哈贝马斯和亚历山大·米切利希之间的友谊对米切利希关于精神分析医学理念汇入到20世纪60年代现在被称为法兰克福学派或批判理论的社会科学理论大潮流的建立扮演了至关重要的权威角色。早在1963年,哈贝马斯肯定了米切利希在他的名为 Society without a Father 没有父亲的社会 (Auf dem Weg zur vaterlosen Gesellschaft 走向没有父亲途中的社会)的研究中阐明的关于精神分析作为社会的解放指导理论的理念。哈贝马斯对米切利希的现代性分析的印象特别深刻。正如米切利希认为的,文明理性的进程促成了“父性文化的”侵蚀,同时也很难建立一个“成功的认同,比如,对‘时代的来临’”,这便构成了“一个没有父亲社会的潜在可能,因为有些东西仍然心存风险”。就像米切利希,哈贝马斯根据当前的情景,将所有在前现代结构权威的冲突中寻找解决方案的恢复性冲动视为错误。他坚持认为,当尝试作出“通过援引固定的行为典规则,严格的规范,盲眼的官僚机构和习惯的反应,来驱使老亚当进行一个解放进程。”的时代已经结束。

如果研究《没有父亲的社会》,值得注意的笔记是,米切利希拒绝雅斯贝尔斯所做的各种各样的某些意义上的具有教育性的教条主义,当呼唤“批判性思维的自由”而反对“强制遵守”时,他转向了新教的传统。为了保持批判理论,米切利希首当其冲的反对他认为的西方社会镇压本国公民的企图,他写道:

难道一个社会实践,即其成员的需要在社会形成的过程中扮演了批判性寻找真相的角色:针对自己的影响,针对魔术,针对狂妄自大?还是让他们不敢让他们审查,以让他们听话?

根据米切利希的观点,如果使用精神分析的见解,社会可能最有效地发生解放性的进程。他想要开创一个方法“来揭露可疑的声称的权威(以及同样可疑的在令人安慰世界里的沉思)”,以此来“失去的批判性的自我”创造一个空间,知道如何“察觉防御机制”同时将“对本我的遵从”置于“禁忌之上”。这里“对本我的遵从”充当了类似于自我和社会批判个体的指导观念的角色。他们已经从被权威传统设置的习惯性的“服从于道德”中解放了出来。

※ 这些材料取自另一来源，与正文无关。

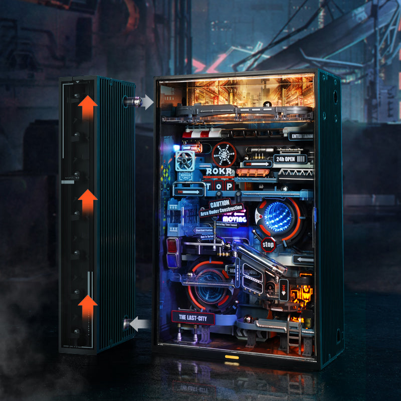 A cyberpunk-inspired DIY miniature model building kit with a fully automated marble lift. Connect via type-C, tap to start, and enjoy two modes: marble running or lighting display.

在此概念的框架内,米切利希试图通过援引弗洛伊德对三种羞耻的的名言,引入精神分析作为必要媒介来论述解放。正如哥白尼让人类丧失了地球是宇宙中心的假象,以及达尔文所证明的,我们起源于从类人猿,在天地中剥夺人类自身的独特地位,“潜意识精神活动的证据”已经对“理性统治的自我”提出了质疑。在米切利希的说法中,在一个已经“成熟”的社会中,个体自身已经成功地从过时的父性权威中分离,在这个“没有父亲的社会”中自授权,在所有这些相对的见解之后,权力留给了人类。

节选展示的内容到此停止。